16. The Atlantic publishes the full Signal war plans thread
After officials insisted no classified material had been shared, The Atlantic published the full Signal exchange in which Pentagon leaders discussed strikes on Yemen. The messages, sent to a group that had accidentally included the magazine's editor, contained aircraft types, weapons and attack timings.
17. StreamElements discloses a third-party data breach
The streaming services firm StreamElements confirmed a breach at a former third-party provider after a hacker began leaking customer records. The stolen data covered roughly 210,000 customers and included names, addresses, phone numbers and email addresses.

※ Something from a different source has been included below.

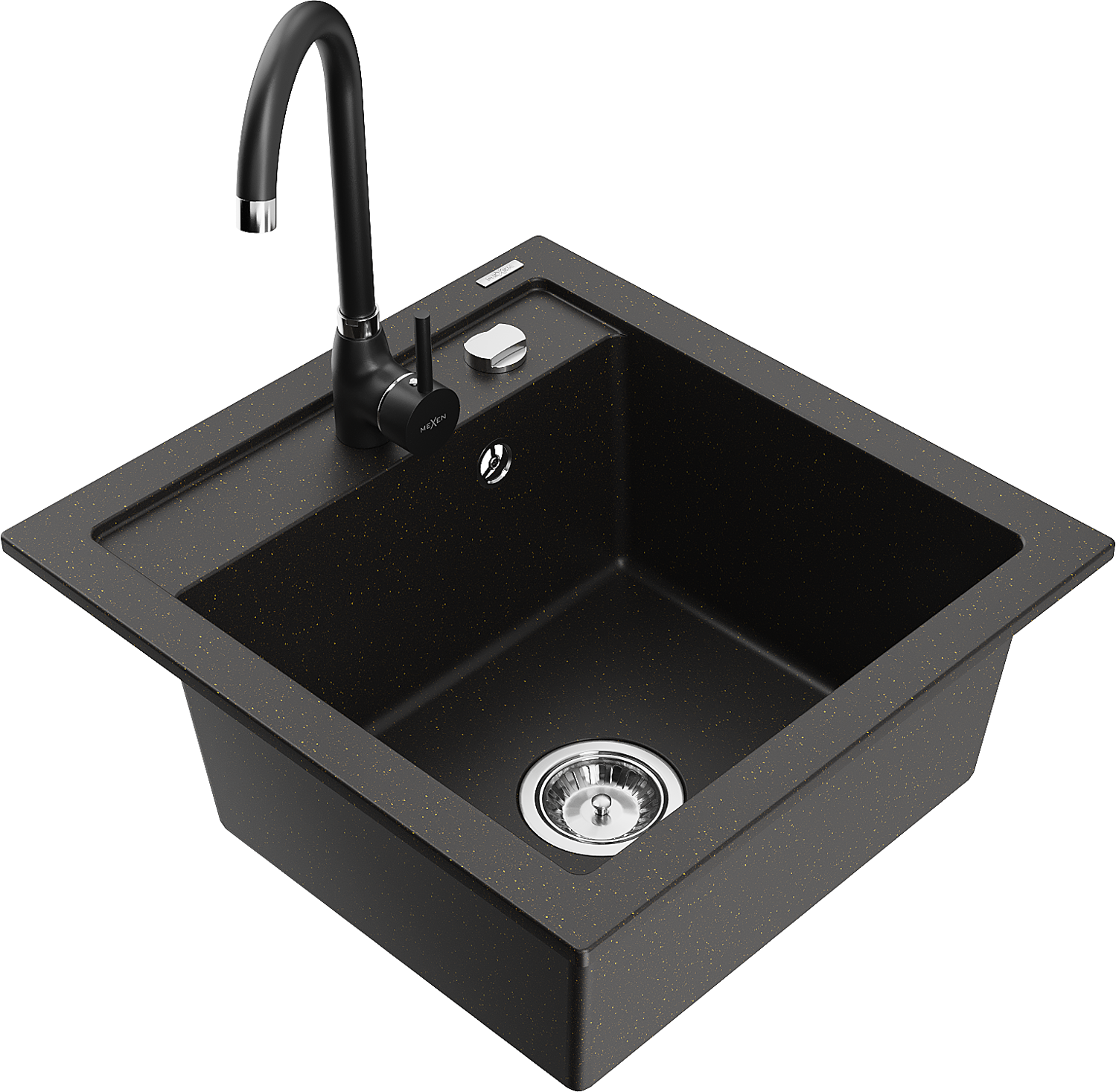 Mexen Vito granitový drez jednodrez s kuchynskou batériou Telma, čierny/zlatý metalik - 6503-75-670200-70

18. Utah makes app stores responsible for age verification
Utah became the first state to enact an App Store Accountability Act, shifting the duty to verify ages onto Apple and Google rather than individual apps. The law requires parental consent before minors can download apps, drawing fresh privacy concerns about centralised identity checks.
19. EFF argues online tracking is out of control
The Electronic Frontier Foundation set out how invisible tracking code on most websites lets companies, including data brokers, collect and sell information about people's browsing. It pointed to an updated version of its Privacy Badger tool that strips tracking added to links across Google and Facebook services.
20. Oracle faces criticism over its handling of two breaches
Oracle came under fire for its response to two separate security incidents, one involving Oracle Health patient records and another involving claims of stolen Oracle Cloud credentials. The company flatly denied any cloud breach even as customers said leaked samples appeared genuine, and researchers accused it of careful wordsmithing.